Vice Presidential Spokesperson
- In office 2 September 2020 – 10 November 2021
- President: Moon Jae-in
- Preceded by: Yoon Jae-kwan
- Succeeded by: Shin Hye-hyeon

Personal details
- Born: 1981 (age 44–45)
- Party: Democratic
- Alma mater: Ewha Womans University SKKU

= Lim Se-eun =

South Korean politician (born 1981)

Lim Se-eun (born 1981) is a South Korean politician served as the vice presidential spokesperson at the Blue House under President Moon Jae-in from 2020 to 2021.

Before promoted to the deputy spokesperson, Lim had served as a senior administrator for youth policy at the Office of Senior Presidential Secretary for Civil Society from April 2020.

Before entering politics in 2014, Lim worked at Hanwha Securities and Mirae Asset Daewoo for 12 years.
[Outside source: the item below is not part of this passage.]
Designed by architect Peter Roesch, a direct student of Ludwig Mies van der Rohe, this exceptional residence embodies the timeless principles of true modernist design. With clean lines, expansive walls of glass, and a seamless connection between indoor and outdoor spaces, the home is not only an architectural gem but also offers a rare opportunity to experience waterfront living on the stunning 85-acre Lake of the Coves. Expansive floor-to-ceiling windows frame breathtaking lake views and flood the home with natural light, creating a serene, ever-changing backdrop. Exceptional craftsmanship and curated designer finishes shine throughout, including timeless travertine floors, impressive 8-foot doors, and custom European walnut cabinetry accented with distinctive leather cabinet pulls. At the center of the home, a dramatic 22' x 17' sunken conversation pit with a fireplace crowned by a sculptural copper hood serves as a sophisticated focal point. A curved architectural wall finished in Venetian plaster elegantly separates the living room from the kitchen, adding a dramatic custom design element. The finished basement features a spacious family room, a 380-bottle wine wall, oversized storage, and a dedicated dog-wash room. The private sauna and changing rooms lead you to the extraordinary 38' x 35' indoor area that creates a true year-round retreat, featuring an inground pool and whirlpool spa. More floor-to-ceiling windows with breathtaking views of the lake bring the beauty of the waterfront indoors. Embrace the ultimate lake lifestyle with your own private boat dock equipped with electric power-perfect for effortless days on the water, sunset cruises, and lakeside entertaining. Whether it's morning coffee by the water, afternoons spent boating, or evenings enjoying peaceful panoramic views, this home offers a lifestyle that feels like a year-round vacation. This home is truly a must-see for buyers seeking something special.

From 2018 to 2020, Lim was the Non-executive director at IBK Securities.

Since 2014, she took various roles in Democratic Party of Korea - all related to either youth policy or nomination process - but never ran as a candidate.
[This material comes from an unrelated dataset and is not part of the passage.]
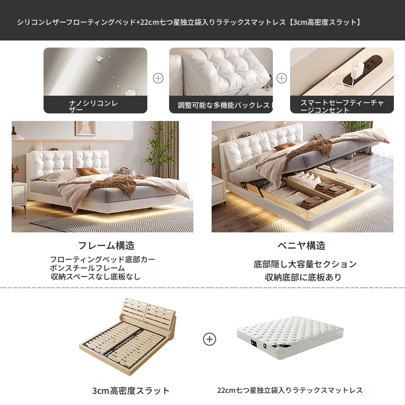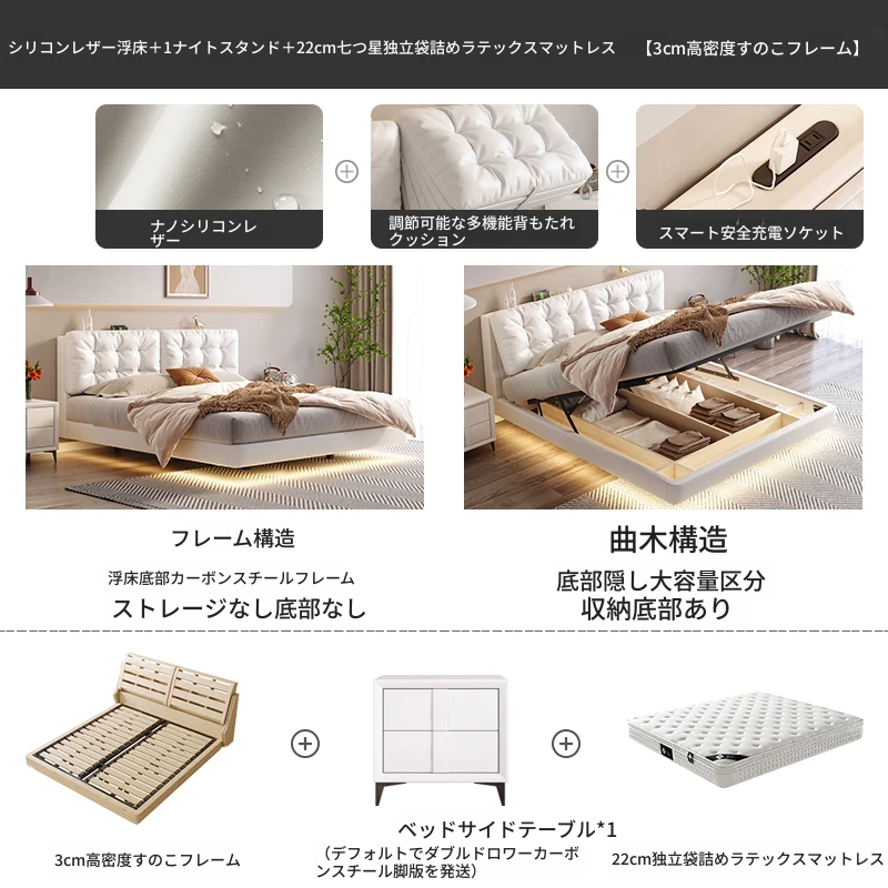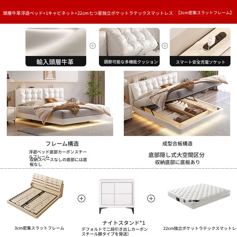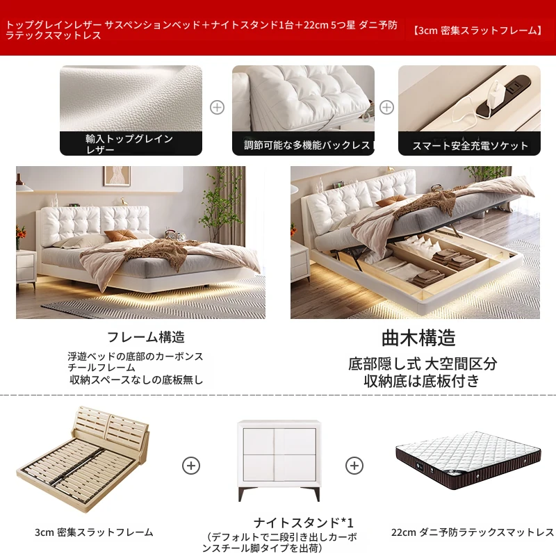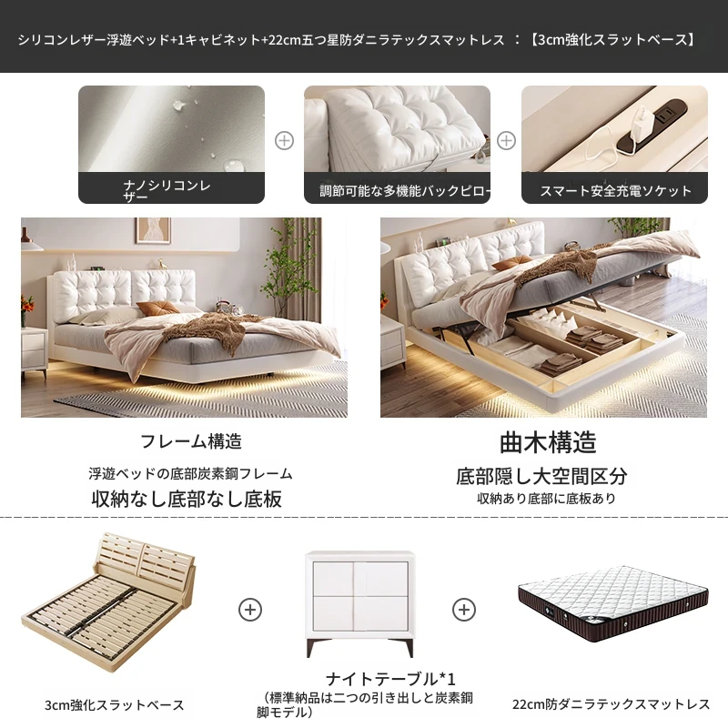 トップレザーフローティングベッド+1台キャビネット+22cm五星抗ダニラテックスマットレス

Before becoming a government official in April 2020, Lim was active in civil societies as a member of Korea Economic Justice Institute at Citizens' Coalition for Economic Justice from 2015 and co-founder and co-director of People's Livelihood Economy Institute from 2018.

Lim taught at Sungkonghoe University as an adjunct professor from 2017 to 2019.

Lim holds two degrees - a bachelor in economics from Ewha Womans University and Master of Business Administration from Sungkyunkwan University.